The Payen PA-22 was a French experimental aircraft designed by Nicolas Roland Payen.

The aircraft had an unconventional design: it had a set of delta wings, in front of which were a set of short conventional wings. It had a fixed front landing gear and the cockpit was further back than usual.

==Design and development==
In 1935 the prolific aircraft designer Roland Payen developed a radical tandem-wing configuration aircraft which he dubbed the "Fléchair" (Arrow). The PA 22/1R was to be powered by an early form of ramjet known as the Melot 1R engine. This design was to participate in the 1939 Coupe Deutsch de la Meurthe air race. Unfortunately the Melot engine was not able to develop the required thrust and the 1939 Coupe Deutsch de la Meurthe was cancelled due to the start of World War II.
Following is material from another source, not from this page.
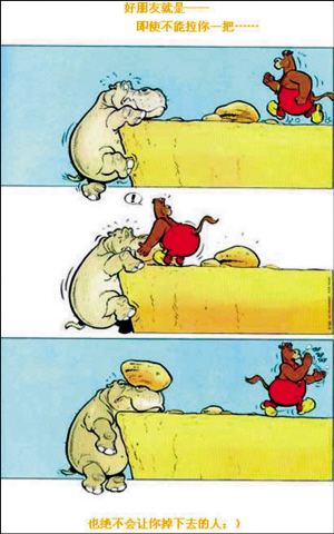 萝卜手头还有一个漫画版的朋友(好朋友就是——即使不能拉你一把……也绝不会让你掉下去的人),贴来以博朋友们会心一笑: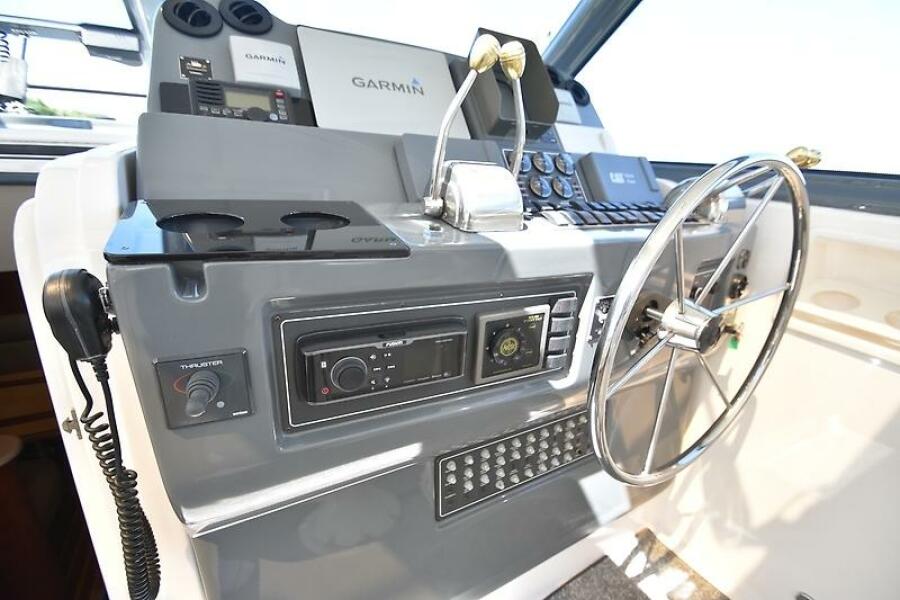 - Fusion AM/FM/SXM/Bluetooth helm deck stereo, with helm and cockpit speakers

Payen redesigned the aircraft around a Regnier 180 hp 6B-01 six-cylinder, air-cooled inverted in-line engine, which was designated PA 22/2, and was completed in 1939. During its testing in the wind tunnel at Chalais-Meudon (Paris), the Germans invaded France and confiscated it. The German occupation forces were intrigued by the design and completed the wind tunnel testing. Redesignated the PA 22 V5, painted in German colors and coded BI+XB, the aircraft was transferred to Villacoublay. In October 1942 Payen's test pilot Jacques Charpantier, completed the first flight. A flight test program was started, but before it was completed Payen convinced the German authorities that modifications were necessary and had the prototype returned to his factory at Juvisy-sur-Orge.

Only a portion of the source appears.